Молодой человек совершенно не возражал. Я не обнаружил в нем никакого подвоха – напротив, сразу же ему поверил, – и был полон желания залечить раны, нанесенные слишком откровенным скептицизмом Долби. Таким образом, я сделал все возможное, чтобы его ободрить, развлечь и дать ему почувствовать себя уютно, как дома. Я рассказал ему много баек, среди прочих – историю о Джиме Вульфе и кошках. Узнав, что он сделал некоторые робкие шаги в литературе, я предложил попытаться найти ему рынок сбыта по этой части. Его лицо радостно просветлело при этом, и он сказал, что, если бы я только мог продать для него одну маленькую рукопись в юмористический ежегодник Тома Худа, это было бы счастливейшим событием его печальной жизни и он навеки сохранил бы меня в своей благодарной памяти. Это был весьма приятный вечер для нас троих, лишь Долби был полон сарказма и отвращения.

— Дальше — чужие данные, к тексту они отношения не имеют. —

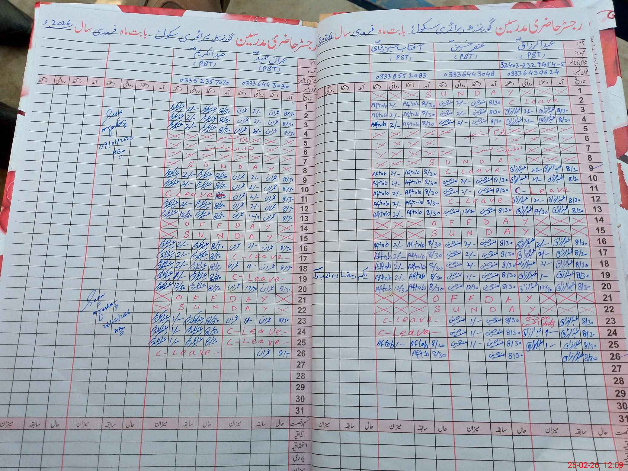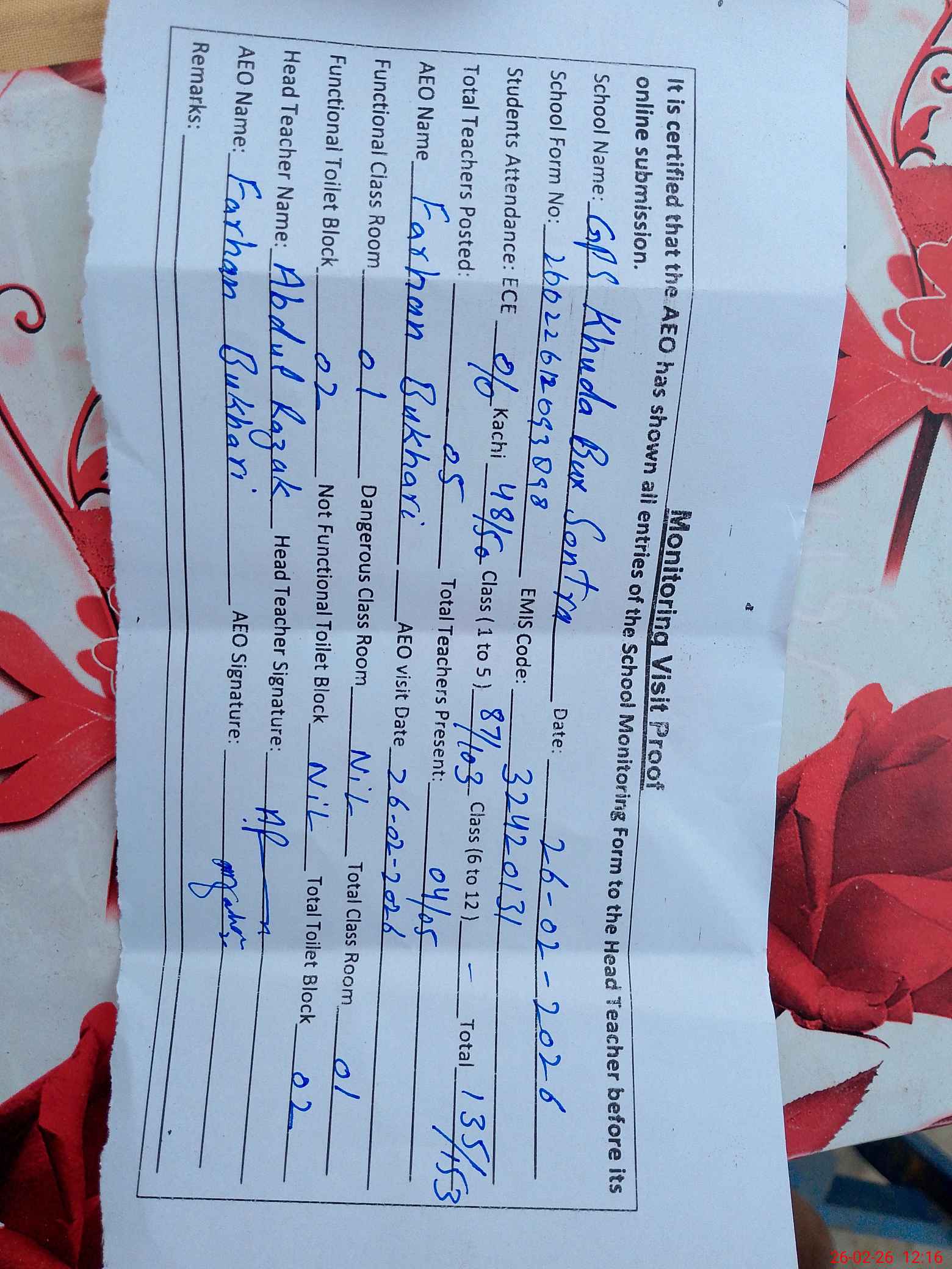 | Name: AB**** RA**** Designation: (School Headmaster's/Headmistress's) HEADMASTER Phone/Cell Number: 03**** |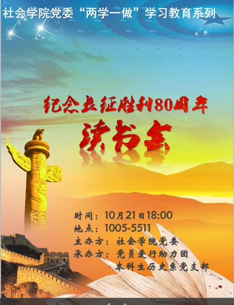 支部动态:本科生历史学系党支部开展长征胜利80周年“阅读红色经典”读书会(海报)
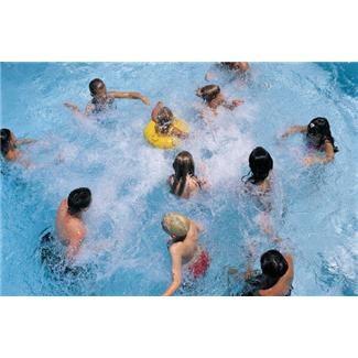 When we took off her swimsuit in the pool to wrap a towel around her, she jumped back in off the steps thinking she could swim without the flotation swimsuit. Nope. Not even close.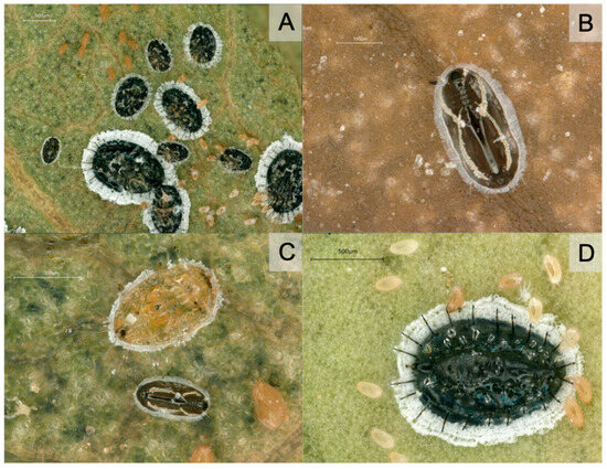 Aleurocanthus spiniferus from French outbreak: (A), larvae and puparia; (B), first immature stage; (C), first and second immature stages; (D), puparium (last immature stage) and eggs. (A–D) photo J.-C.S.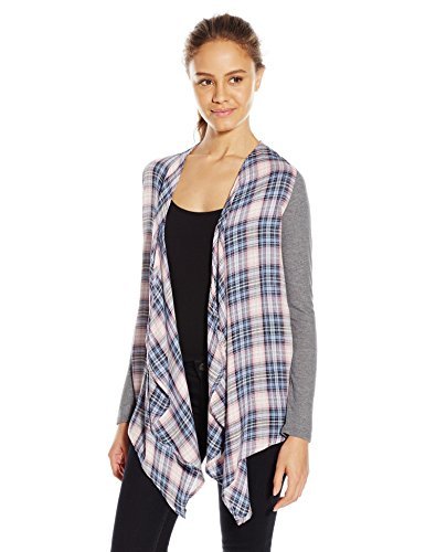 WallFlower Women's Rayon Challis Mixed Media Plaid Topper, Charcoal, Large

На следующей неделе ребенок умер. Тем временем я переговорил с Томом Худом и завоевал его сочувствие. Молодой человек отослал ему свою рукопись, и в тот самый день, как умер ребенок, за эту рукопись пришли деньги – три гинеи. Молодой человек явился со скромной маленькой полоской черного крепа на руке и, поблагодарив меня, сказал, что ничто не могло быть более кстати, чем эти деньги, и что его бедная жена невыразимо благодарна за оказанную мной услугу. Он плакал, и, по правде сказать, мы со Стоддардом плакали вместе с ним, что было только естественно. Долби тоже плакал – по крайней мере вытирал глаза, выкручивал носовой платок, прерывисто всхлипывал и выказывал другие преувеличенные проявления скорби. Нам со Стоддардом было стыдно за Долби, и мы старались дать молодому человеку почувствовать, что тот не имеет в виду ничего дурного, просто у него такая манера. Молодой человек грустно сказал, что он не в обиде, его горе слишком сильно, чтобы на что-то еще обижаться, что он просто думает о похоронах и больших расходах, которые…
Мы прервали его на полуслове и велели не тревожиться об этом, а предоставить это дело нам и отослать счета мистеру Долби и…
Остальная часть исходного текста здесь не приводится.